# Measuring Risk Tolerance - Crypto or Stocks?

**Disclaimer:** I am not a financial advisor, and I am not offering or providing any financial advice to anyone. This is simply a data science project that analyzes keywords unique to the posts in the r/wallstreetbets and r/SatoshiStreetBets subreddits to understand whether an individual might identify more closely with stocks or cryptocurrency.

### Technology & Skills
**Technical Skills:** Binary classification, data collection, scraping web API, data cleaning, EDA, data visualization, machine learning, bias-variance tradeoff, sentiment analysis, natural language processing (NLP), count vectorizer, TF-IDF vectorizer, pre-processing data, modeling, confusion matrix, misclassification, precision, recall, f1-score, ROC AUC, pipeline, gridsearch, word clouds, pickling

**Technology:** Streamlit, Tableau, Heroku, Python, Jupyter Notebook, GitHub, Git

**Python Libraries:** NLTK, requests, time, pandas, numpy, matplotlib, seaborn, scikit-learn, pickle, streamlit, PIL

**Models:** Logistic regression, decision tree classifier, bagging classifier, multinomial naive bayes, AdaBoost classifier, random forest classifier, support vector classifier

### Overview
The code notebooks have been organized into 5 sections:
1. Introduction
2. Data Collection
3. Data Cleaning, EDA & Data Visualization
4. Pre-Processing & Modeling
5. Conclusion

### Problem Statement

In the past year, retail investors have flocked to the stock and cryptocurrency markets in the hopes of netting a handsome return on their investments. While they were present long before the COVID-19 pandemic, their participation and impact on the markets have grown in recent months. From playing an active role in short-squeezing GME's stock to creating hype around dogecoin, retail investors have engaged in numerous types of trading activity with a wide-ranging level of risk.

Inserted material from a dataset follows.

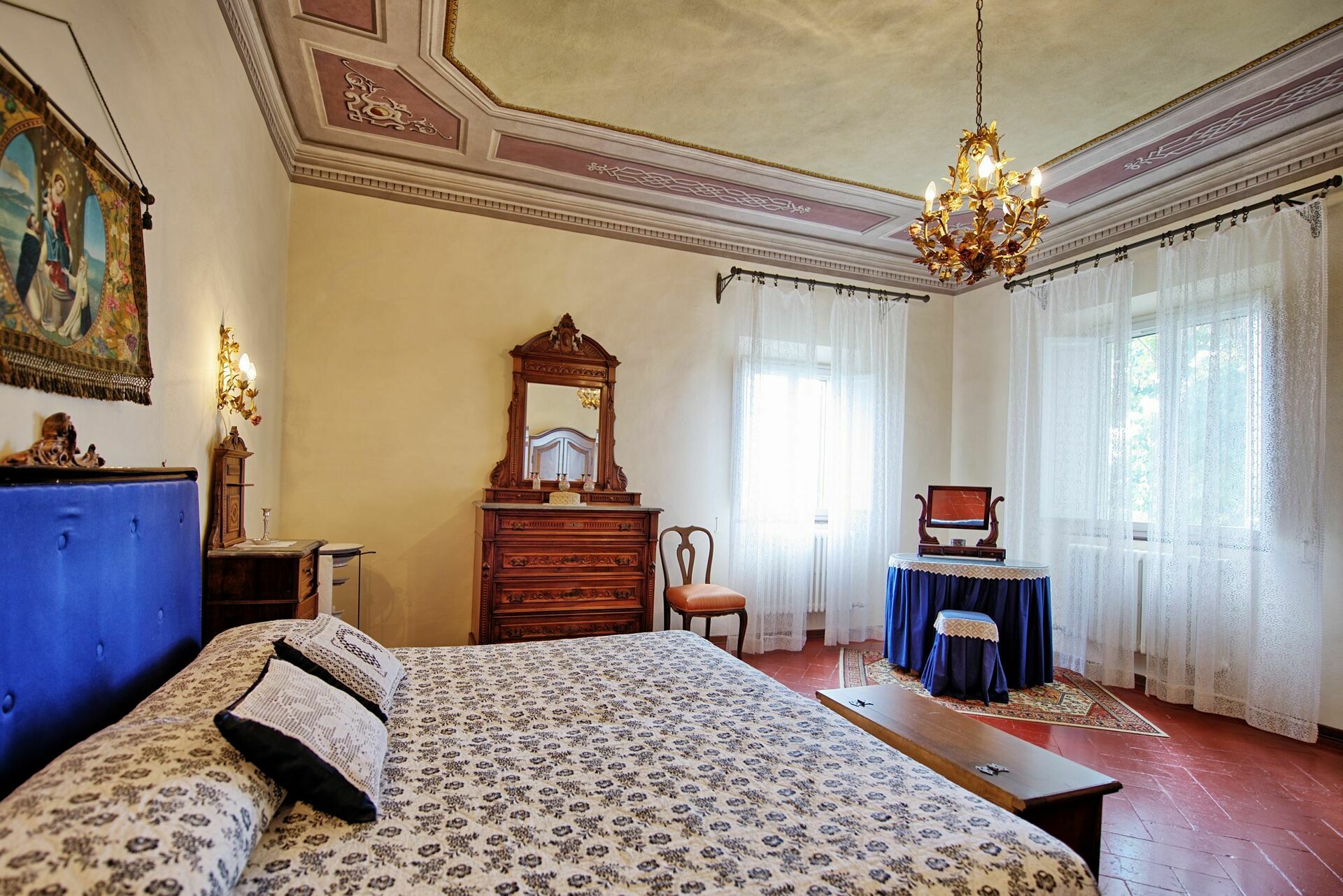 Første sal: 1 soveværelse med fresco loft med en dobbeltseng, 2 soveværelser (fresco loft) med en dobbeltseng (konverteres til to), 1 soveværelse med to enkeltsenge. 2 badeværelser: et med bruser og et med badekar.

Investments and trades made in the stock and crypto markets both assume some level of risk. Given the wildly volatile nature of cryptocurrency, I consider cryptocurrencies to have a higher risk profile than stocks for the purpose of this project.

The r/wallstreetbets subreddit is a community of 9.4 million members who seek to make money by investing and trading in the stock market. The r/SatoshiStreetBets subreddit is the cryptocurrency equivalent of r/wallstreetbets with a smaller community of 347K members. While r/wallstreetbets mostly focuses on the stock market and r/SatoshiStreetBets mainly engages with the cryptocurrency market, conversations in both subreddits do occasionally overlap with each other.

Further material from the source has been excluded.